▸ **Assignment**: Return the data below exactly, please, but drop the pictures.

▸ **Supplied data**:
++++++++

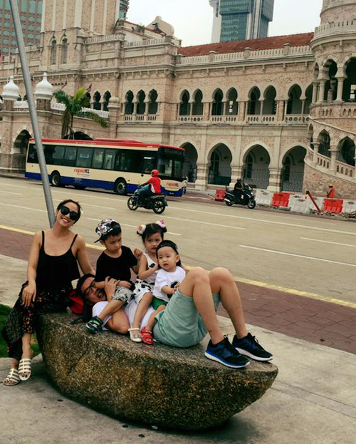 | Gia đình Ốc Thanh Vân đang cho đàn con du hí Malaysia, cả nhà chụp hình lưu niệm ở trung tâm thủ đô Kuala Lumpur. |
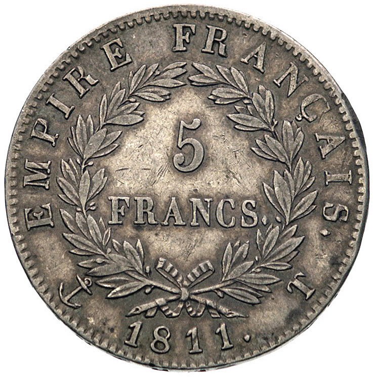 5 franków 1811 T, Nantes, Gadoury 584, patyna
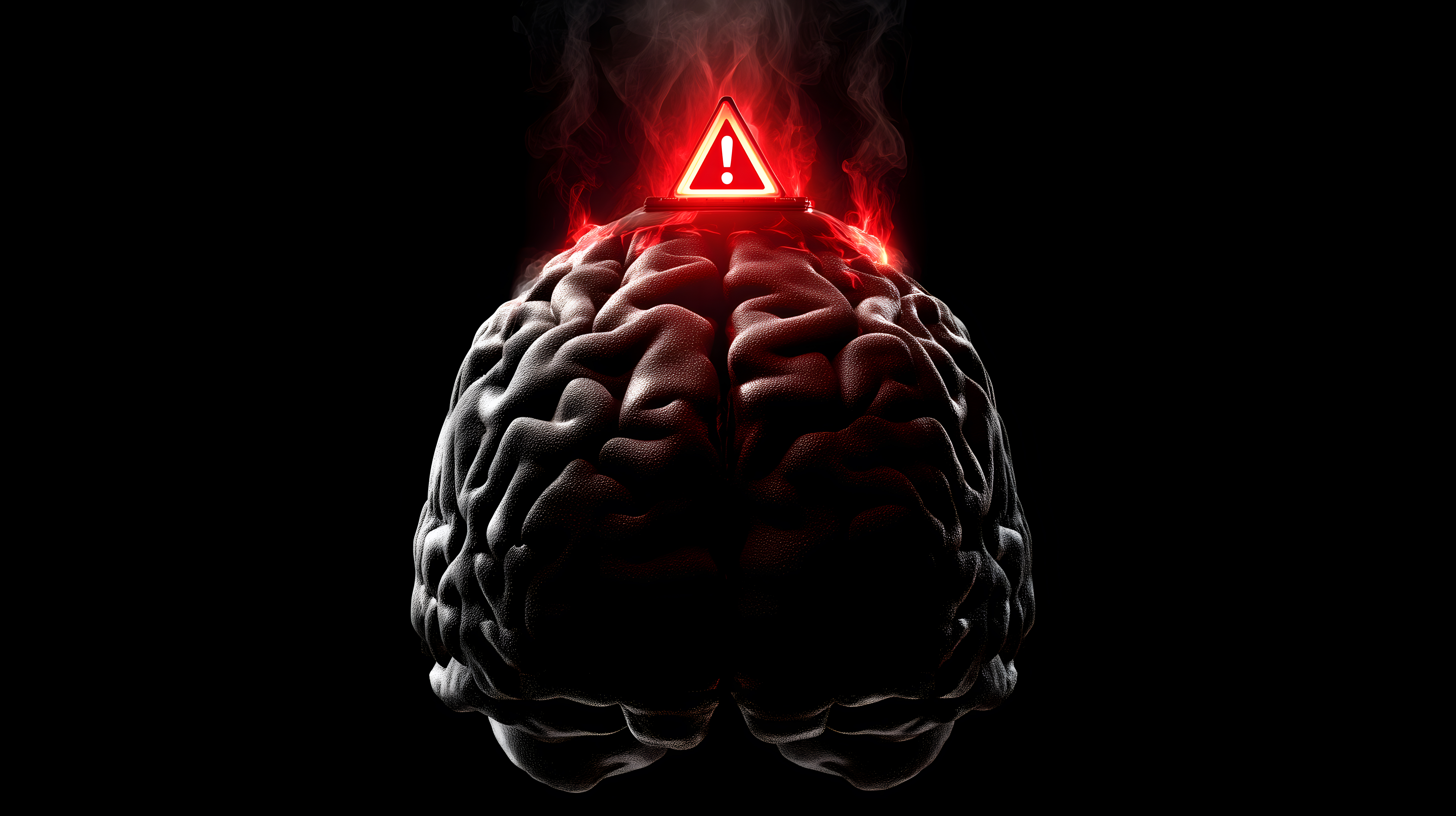Diese beeindruckende digitale Darstellung zeigt das menschliche Gehirn mit einem leuchtenden Warndreieck darauf. Das Bild vermittelt ein starkes Bild für die Themen Stress und Burnout. Die dunkle, kontrastreiche Farbgebung und die realistische 3D-Optik verleihen dem Motiv eine intensive, warnende Ausstrahlung.

++++++++

▸ **Reply to the task**:
 | Gia đình Ốc Thanh Vân đang cho đàn con du hí Malaysia, cả nhà chụp hình lưu niệm ở trung tâm thủ đô Kuala Lumpur. |
 5 franków 1811 T, Nantes, Gadoury 584, patyna
Diese beeindruckende digitale Darstellung zeigt das menschliche Gehirn mit einem leuchtenden Warndreieck darauf. Das Bild vermittelt ein starkes Bild für die Themen Stress und Burnout. Die dunkle, kontrastreiche Farbgebung und die realistische 3D-Optik verleihen dem Motiv eine intensive, warnende Ausstrahlung.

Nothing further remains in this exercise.